The week ahead for April 11, 2022: Inflation hawks circle as jobs, prices surge

The week ahead for April 11, 2022: Inflation hawks circle as jobs, prices surge April 8, 2022

The latest news

The white-hot labor market continued apace last week, with initial jobless claims falling to 166,000. After a downward revision of the prior week’s figure, initial claims have now been below 200,000 for 8 of the past 9 weeks, an emphatic signal of an employees’ market.

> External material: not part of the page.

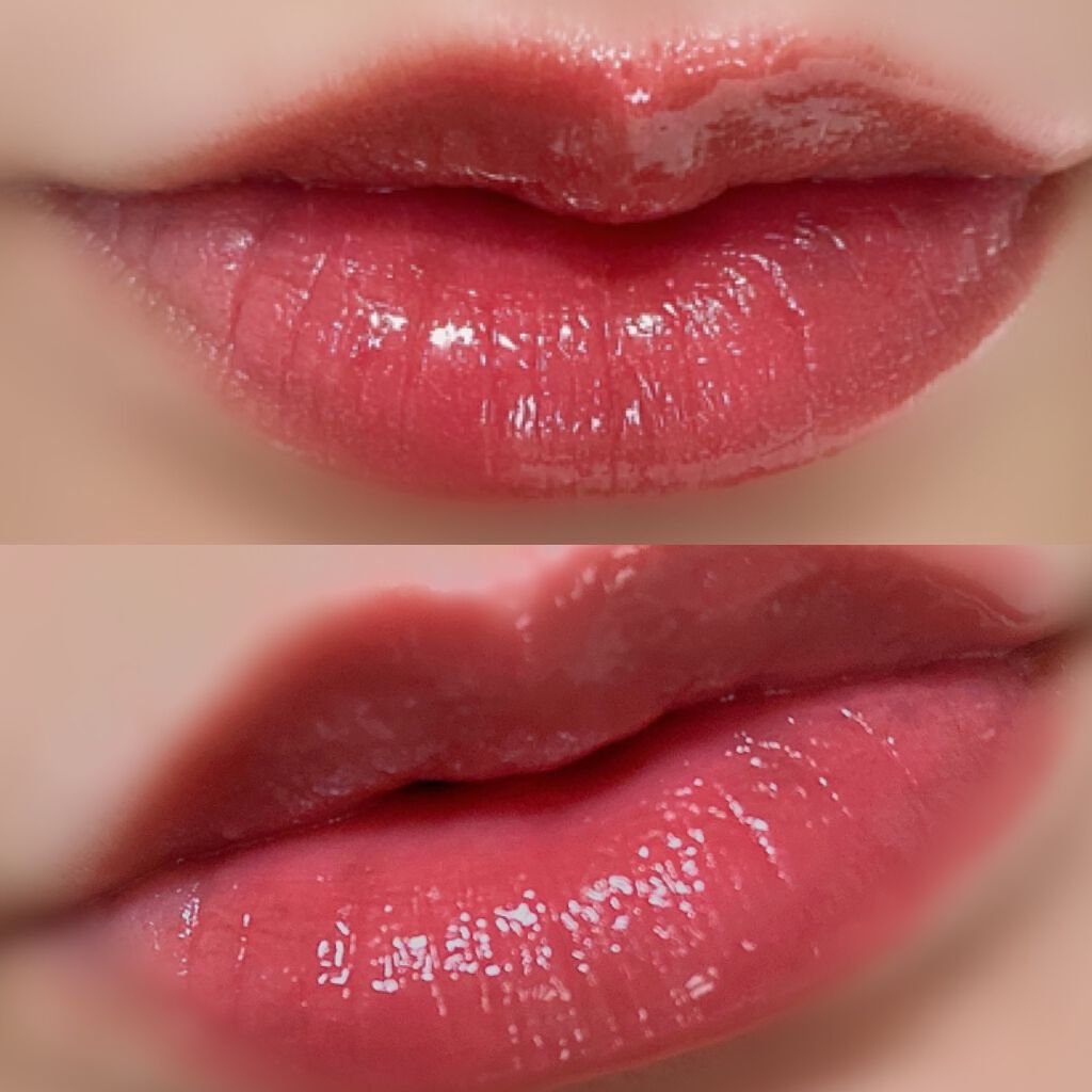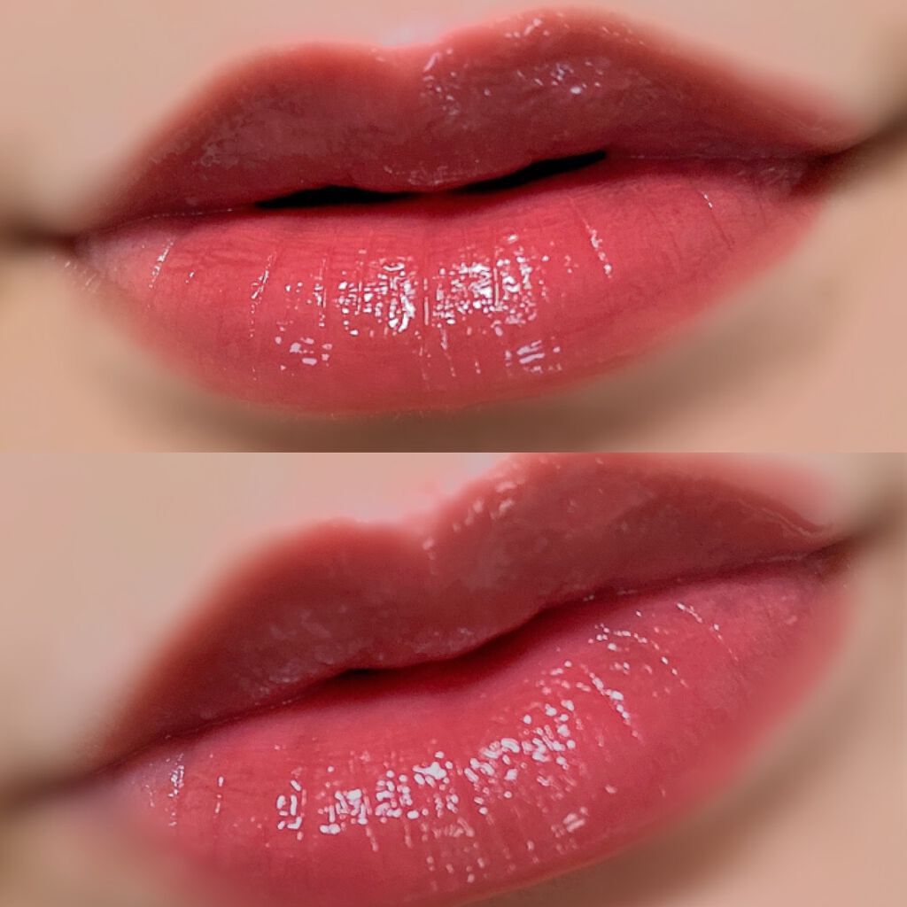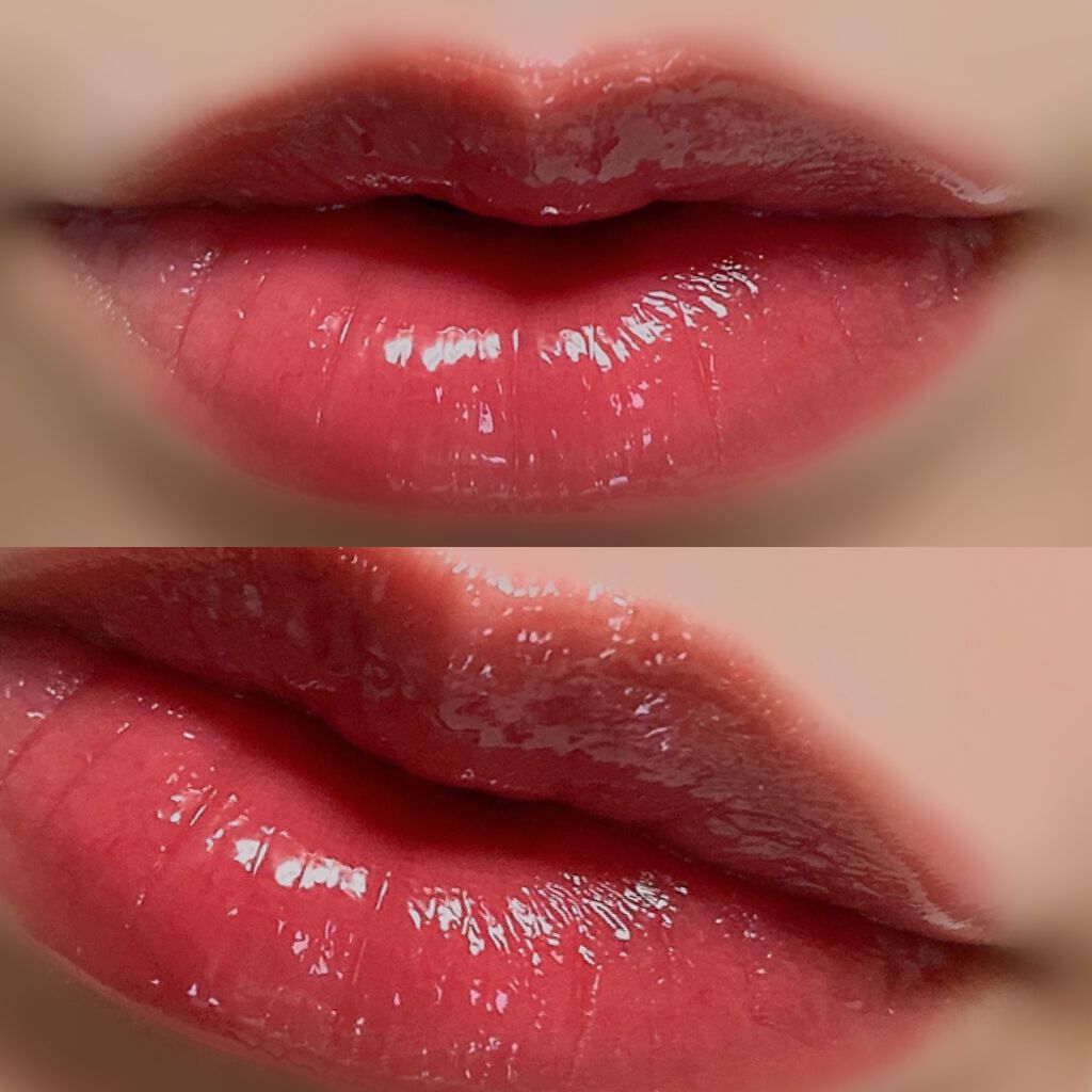 クールトーンのピンクベージュカラー 私の肌や唇だと青みと赤みのあるピンクベージュに発色しました。ブルベさんが得意そうな色。ツヤが可愛い💕 私はイエベですが、透け感があるから薄く塗れば使えるかなと思いました。 ジューシーラスティングティントは香りが強めなイメージだったから使ったことなかったけど、塗って時間をおけばそんなに気にならなかったから、リニュ後の買ってみようかな🫶

Rising wages associated with a tight jobs market are just one factor leading the Federal Reserve in a more hawkish policy direction. The minutes of the most recent Open Market Committee meeting revealed an appetite among some directors for more aggressive interest rate hikes, leading most economists to expect 50 bp increases to come out of at least one if not both of the Committee’s next two meetings. This week’s CPI and retail figures will add more fodder for future discussions over whether and when to move past a “neutral” stance and toward quantitative tightening.

On the housing front, mortgage applications are slowing as rates rise. As construction slowly increases and the spring homebuying season begins, the combined effect could start to slow the rapid growth in home values. Housing costs will be a key factor in future migration. A multi-year pattern of net movement toward less dense areas accelerated in 2020 and 2021, in part due to greater flexibility to work remotely. If this continues, it will mean more growth in retail and hospitality growth outside of urban core areas.

Happening this week


Measure:                    Consumer Price Index, year-over-year for March
Previous:                    7.9 percent
Expectation:               8.3 percent

Measure:                    Core Consumer Price Index, year-over-year for March
Previous:                    6.4 percent
Expectation:               6.6-6.7 percent

Both headline and “core” (excluding food and energy) prices look to have nudged upward to new 40-year highs in March, suggesting that relief for consumers’ wallets is not yet in sight.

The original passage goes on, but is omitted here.